Your objective >>
Pictures stay out; everything else in the records below is to be repeated exactly.

Given entries >>
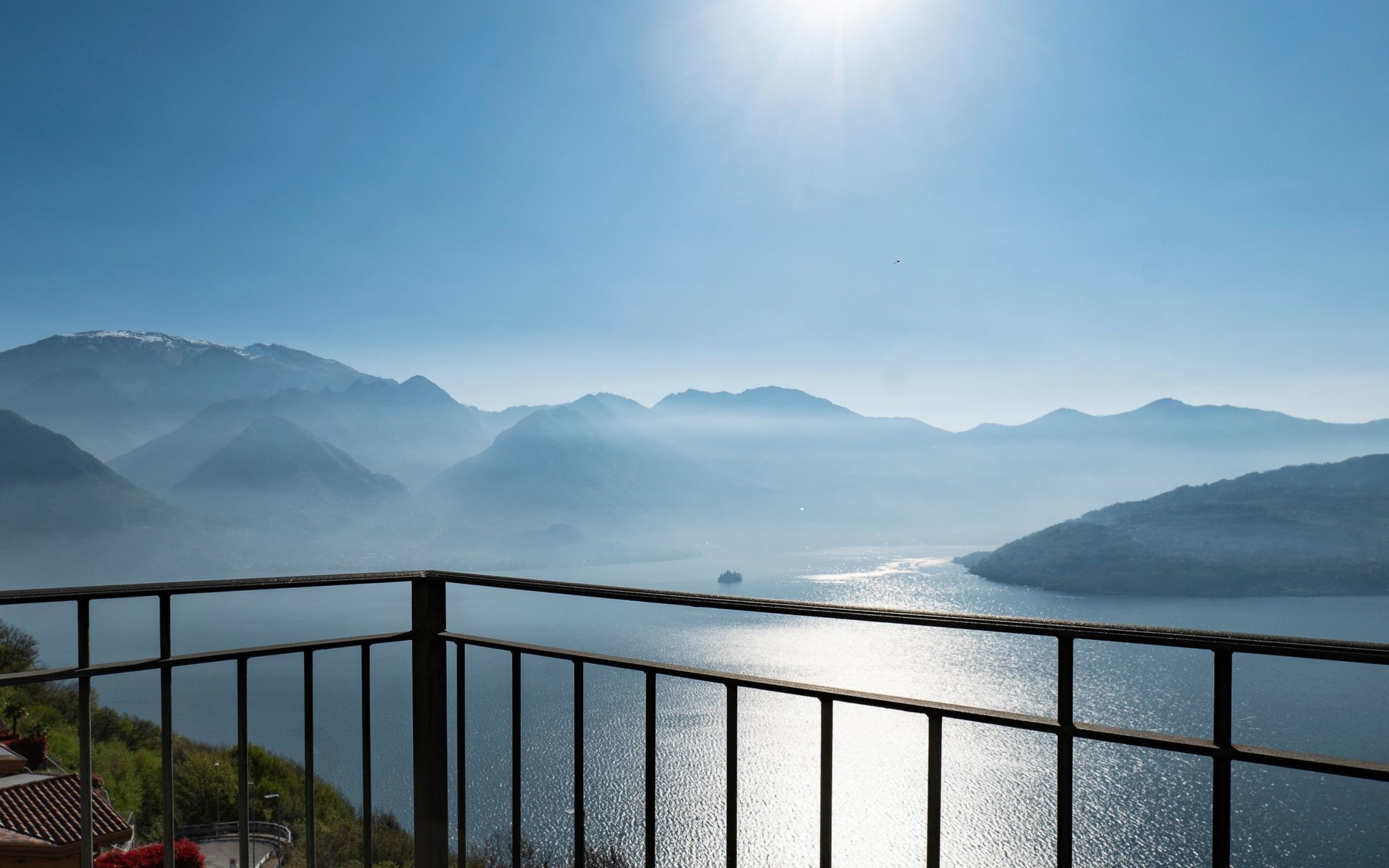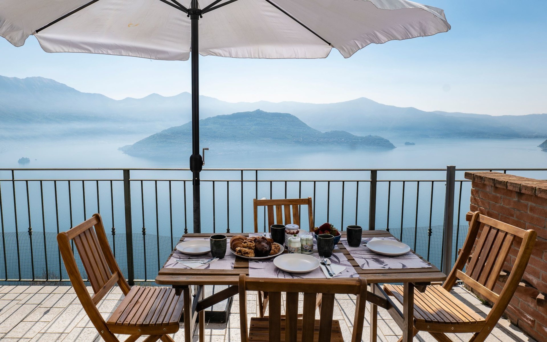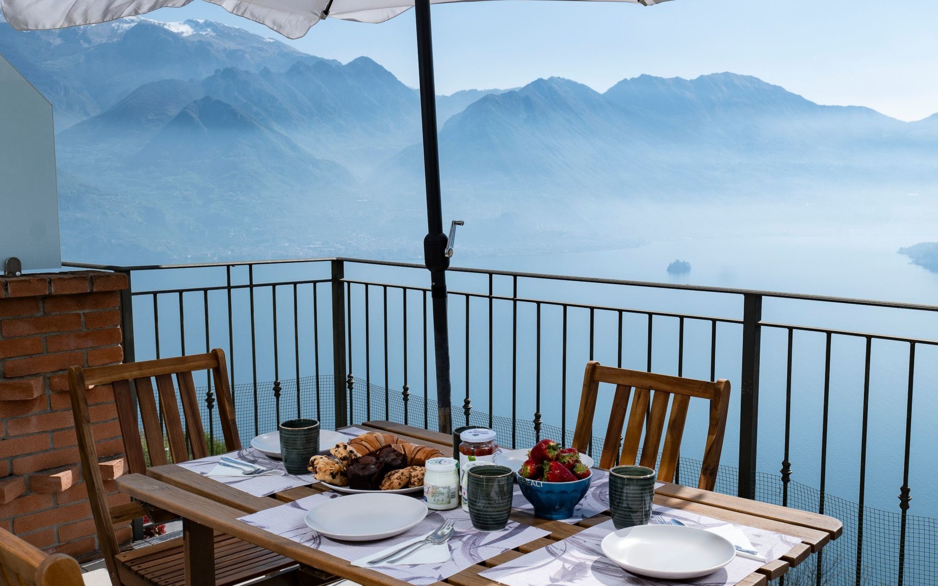 Das Vorhandensein von natürlichem Licht ist ein weiteres wichtiges Element. Die Wohnung ist nach Südosten ausgerichtet und erhält von morgens an Licht durch die großen Glasfenster: die Fenster in den Schlafzimmern, die große Fenstertür im Wohnzimmer, die auf die Terrasse führt. Diese ist, wie Sie auf den Bildern sehen können, ein Sprungbrett ins Blaue: ein echter zusätzlicher Raum bei schönem Wetter, der es Ihnen ermöglicht, im Freien zu speisen - dank der vorhandenen Möbel - oder sich zu entspannen, während Sie die unglaubliche Aussicht auf den See und die umliegenden Berge genießen.
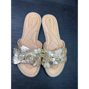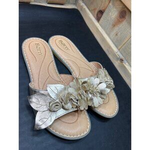 BORN Metallic Gold Leather Floral Slide Sandals Womens Size 7 Comfort Flat Summe
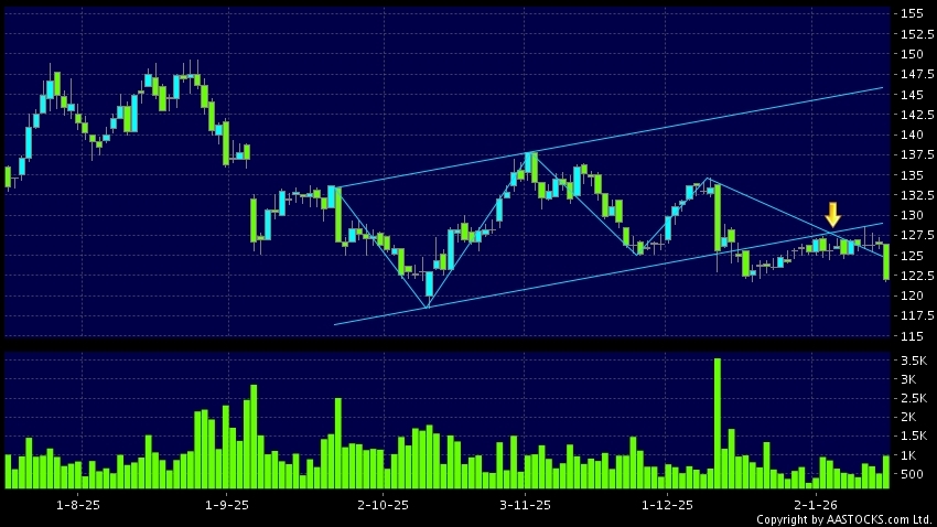 區域突破指股價在過去的一段時間只在一個範圍在內活動,然後股價下跌作出突破,跌穿區域的底部,技術走勢偏軟。(港股報價延遲最少十五分鐘。沽空資料截至 2026-01-16 16:25。)
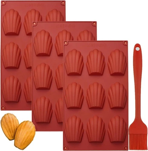 3x Silicone Madeleine Baking Pan 9 Cavities 1x Brush BPA Free Mini
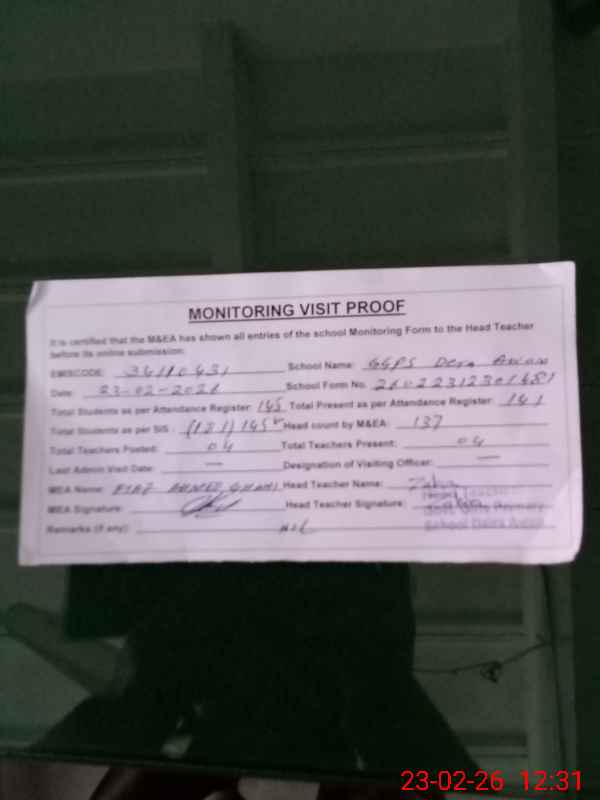 | Attendance Register | Head Teacher | MEA with School | Visit Proof |
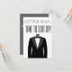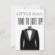 Homemzinho, Hora de se Aprontar com smoking na frente. Personalizado com o nome do portador do anel, mensagem, nome do noivo e uma data dada ou a data do casamento.
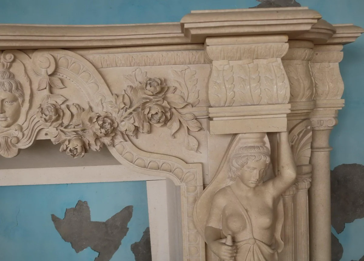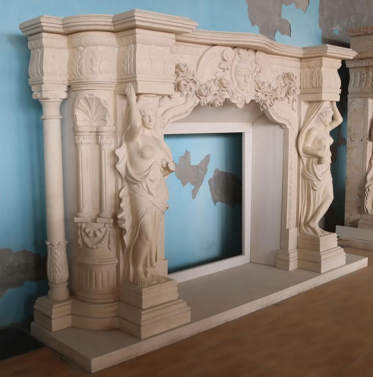 Casa Padrino marco de chimenea de m¨¢rmol barroco de lujo crema 130 x A. 120 cm
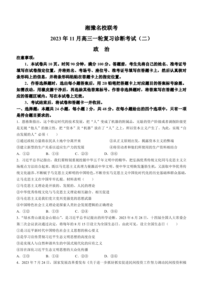 湘豫名校联考2023-2024学年高三11月一轮复习诊断检测(二)政治
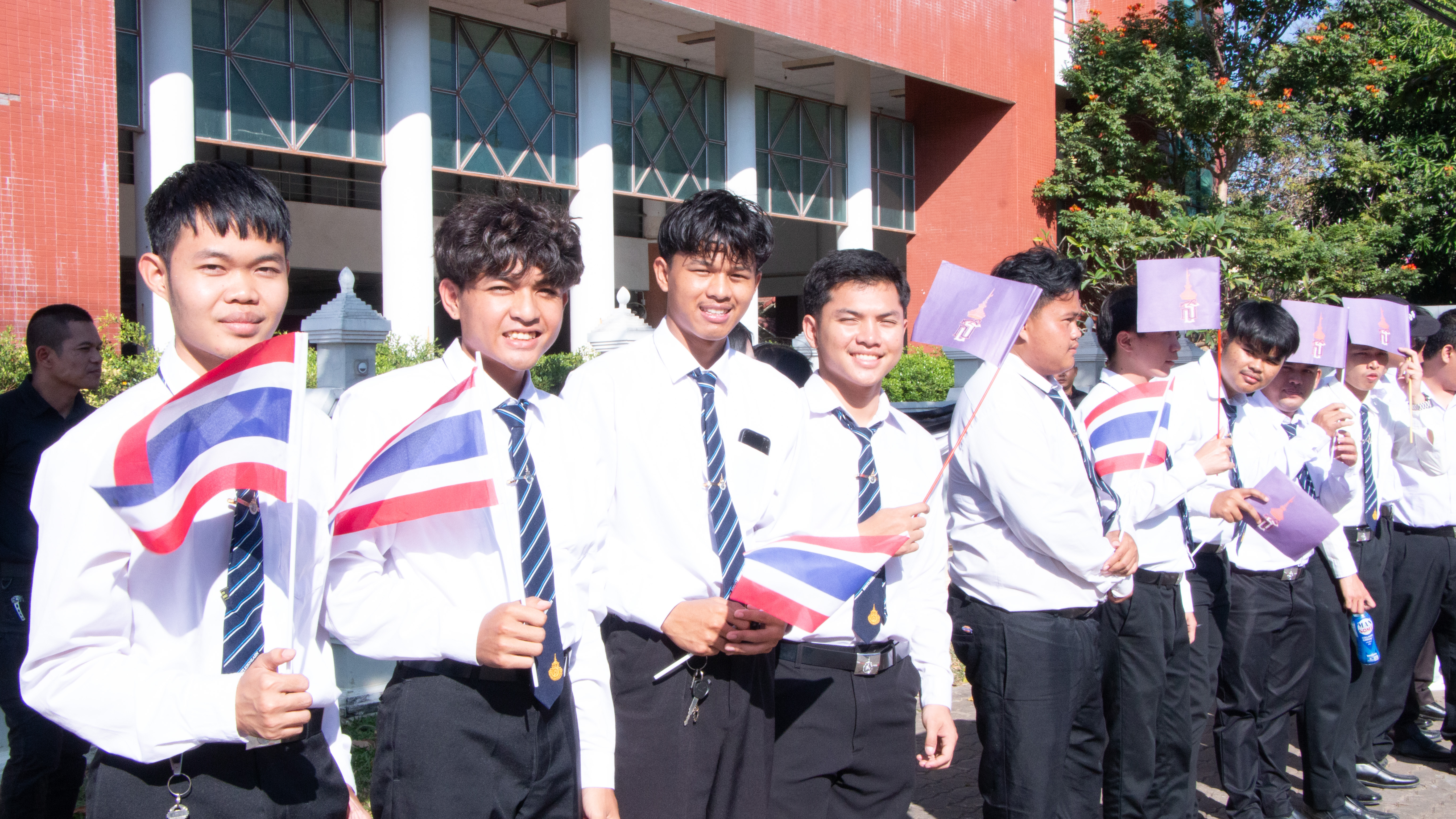 วันที่ 18 ธันวาคม 2568 คณะครุศาสตร์อุตสาหกรรม มหาวิทยาลัยเทคโนโลยีราชมงคลอีสาน วิทยาเขตขอนแก่น นำโดยคณะผู้บริหาร คณาจารย์ บุคลากร และนักศึกษา ร่วมเฝ้าทูลละอองพระบาทรับเสด็จ สมเด็จพระกนิษฐาธิราชเจ้า กรมสมเด็จพระเทพรัตนราชสุดาฯ สยามบรมราชกุมารี ณ บริเวณด้านหน้ามหาวิทยาลัยฯ ถนนศรีจันทร์ ในโอกาสที่พระบาทสมเด็จพระเจ้าอยู่หัว ทรงพระกรุณาโปรดเกล้าโปรดกระหม่อมให้ สมเด็จพระกนิษฐาธิราชเจ้า กรมสมเด็จพระเทพรัตนราชสุดาฯ สยามบรมราชกุมารี เสด็จพระราชดำเนินแทนพระองค์ ในพิธีพระราชทานปริญญาบัตรแก่ผู้สำเร็จการศึกษาจากมหาวิทยาลัยขอนแก่น ประจำปี พ.ศ. 2568 ณ อาคารศูนย์ประชุมอเนกประสงค์กาญจนาภิเษก มหาวิทยาลัยขอนแก่น โดยการร่วมเฝ้าทูลละอองพระบาทรับเสด็จในครั้งนี้ คณะครุศาสตร์อุตสาหกรรมได้คณะบุคลากรและนักศึกษาแต่งกายด้วยชุดสุภาพและชุดนักศึกษาอย่างเป็นระเบียบเรียบร้อย เพื่อแสดงออกถึงความจงรักภักดีต่อสถาบันพระมหากษัตริย์ บริเวณริมถนนศรีจันทร์ หน้ามหาวิทยาลัยฯ ซึ่งเป็นเส้นทางเสด็จพระราชดำเนิน

Problem solution >>
 Das Vorhandensein von natürlichem Licht ist ein weiteres wichtiges Element. Die Wohnung ist nach Südosten ausgerichtet und erhält von morgens an Licht durch die großen Glasfenster: die Fenster in den Schlafzimmern, die große Fenstertür im Wohnzimmer, die auf die Terrasse führt. Diese ist, wie Sie auf den Bildern sehen können, ein Sprungbrett ins Blaue: ein echter zusätzlicher Raum bei schönem Wetter, der es Ihnen ermöglicht, im Freien zu speisen - dank der vorhandenen Möbel - oder sich zu entspannen, während Sie die unglaubliche Aussicht auf den See und die umliegenden Berge genießen.
 BORN Metallic Gold Leather Floral Slide Sandals Womens Size 7 Comfort Flat Summe
 區域突破指股價在過去的一段時間只在一個範圍在內活動,然後股價下跌作出突破,跌穿區域的底部,技術走勢偏軟。(港股報價延遲最少十五分鐘。沽空資料截至 2026-01-16 16:25。)
 3x Silicone Madeleine Baking Pan 9 Cavities 1x Brush BPA Free Mini
 | Attendance Register | Head Teacher | MEA with School | Visit Proof |
 Homemzinho, Hora de se Aprontar com smoking na frente. Personalizado com o nome do portador do anel, mensagem, nome do noivo e uma data dada ou a data do casamento.
 Casa Padrino marco de chimenea de m¨¢rmol barroco de lujo crema 130 x A. 120 cm
 湘豫名校联考2023-2024学年高三11月一轮复习诊断检测(二)政治
 วันที่ 18 ธันวาคม 2568 คณะครุศาสตร์อุตสาหกรรม มหาวิทยาลัยเทคโนโลยีราชมงคลอีสาน วิทยาเขตขอนแก่น นำโดยคณะผู้บริหาร คณาจารย์ บุคลากร และนักศึกษา ร่วมเฝ้าทูลละอองพระบาทรับเสด็จ สมเด็จพระกนิษฐาธิราชเจ้า กรมสมเด็จพระเทพรัตนราชสุดาฯ สยามบรมราชกุมารี ณ บริเวณด้านหน้ามหาวิทยาลัยฯ ถนนศรีจันทร์ ในโอกาสที่พระบาทสมเด็จพระเจ้าอยู่หัว ทรงพระกรุณาโปรดเกล้าโปรดกระหม่อมให้ สมเด็จพระกนิษฐาธิราชเจ้า กรมสมเด็จพระเทพรัตนราชสุดาฯ สยามบรมราชกุมารี เสด็จพระราชดำเนินแทนพระองค์ ในพิธีพระราชทานปริญญาบัตรแก่ผู้สำเร็จการศึกษาจากมหาวิทยาลัยขอนแก่น ประจำปี พ.ศ. 2568 ณ อาคารศูนย์ประชุมอเนกประสงค์กาญจนาภิเษก มหาวิทยาลัยขอนแก่น โดยการร่วมเฝ้าทูลละอองพระบาทรับเสด็จในครั้งนี้ คณะครุศาสตร์อุตสาหกรรมได้คณะบุคลากรและนักศึกษาแต่งกายด้วยชุดสุภาพและชุดนักศึกษาอย่างเป็นระเบียบเรียบร้อย เพื่อแสดงออกถึงความจงรักภักดีต่อสถาบันพระมหากษัตริย์ บริเวณริมถนนศรีจันทร์ หน้ามหาวิทยาลัยฯ ซึ่งเป็นเส้นทางเสด็จพระราชดำเนิน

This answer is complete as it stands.